REQUIRED WORK: Would you reproduce the whole listing exactly, minus its images?

DATA PROVIDED:
□ □ □ □ □

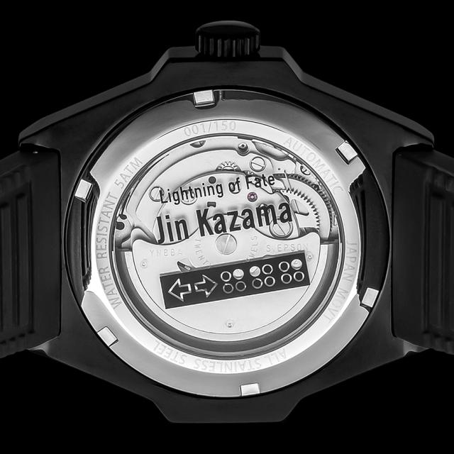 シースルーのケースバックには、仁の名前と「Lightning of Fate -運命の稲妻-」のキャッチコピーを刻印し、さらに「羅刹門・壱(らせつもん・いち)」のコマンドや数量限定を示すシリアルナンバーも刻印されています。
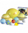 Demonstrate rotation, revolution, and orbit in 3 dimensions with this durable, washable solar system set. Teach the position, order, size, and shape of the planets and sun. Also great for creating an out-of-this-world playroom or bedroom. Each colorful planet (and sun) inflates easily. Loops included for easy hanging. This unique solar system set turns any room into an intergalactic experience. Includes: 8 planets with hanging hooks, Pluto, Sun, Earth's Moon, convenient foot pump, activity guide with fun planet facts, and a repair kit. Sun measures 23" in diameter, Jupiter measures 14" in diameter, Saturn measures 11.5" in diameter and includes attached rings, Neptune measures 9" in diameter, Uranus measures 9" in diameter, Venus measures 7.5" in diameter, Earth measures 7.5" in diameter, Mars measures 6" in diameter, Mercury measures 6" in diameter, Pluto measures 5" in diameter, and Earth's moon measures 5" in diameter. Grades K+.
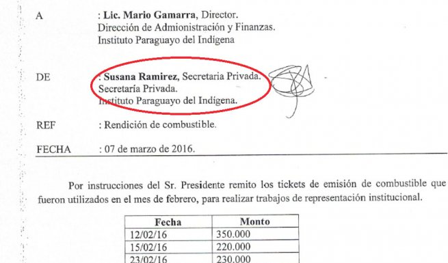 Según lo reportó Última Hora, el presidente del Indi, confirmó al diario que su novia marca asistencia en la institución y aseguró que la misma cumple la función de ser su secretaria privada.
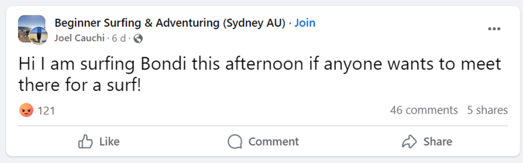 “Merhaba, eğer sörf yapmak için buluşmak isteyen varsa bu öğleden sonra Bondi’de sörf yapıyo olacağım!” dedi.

□ □ □ □ □

YOUR SOLUTION:
 シースルーのケースバックには、仁の名前と「Lightning of Fate -運命の稲妻-」のキャッチコピーを刻印し、さらに「羅刹門・壱(らせつもん・いち)」のコマンドや数量限定を示すシリアルナンバーも刻印されています。
 Demonstrate rotation, revolution, and orbit in 3 dimensions with this durable, washable solar system set. Teach the position, order, size, and shape of the planets and sun. Also great for creating an out-of-this-world playroom or bedroom. Each colorful planet (and sun) inflates easily. Loops included for easy hanging. This unique solar system set turns any room into an intergalactic experience. Includes: 8 planets with hanging hooks, Pluto, Sun, Earth's Moon, convenient foot pump, activity guide with fun planet facts, and a repair kit. Sun measures 23" in diameter, Jupiter measures 14" in diameter, Saturn measures 11.5" in diameter and includes attached rings, Neptune measures 9" in diameter, Uranus measures 9" in diameter, Venus measures 7.5" in diameter, Earth measures 7.5" in diameter, Mars measures 6" in diameter, Mercury measures 6" in diameter, Pluto measures 5" in diameter, and Earth's moon measures 5" in diameter. Grades K+.
 Según lo reportó Última Hora, el presidente del Indi, confirmó al diario que su novia marca asistencia en la institución y aseguró que la misma cumple la función de ser su secretaria privada.
 “Merhaba, eğer sörf yapmak için buluşmak isteyen varsa bu öğleden sonra Bondi’de sörf yapıyo olacağım!” dedi.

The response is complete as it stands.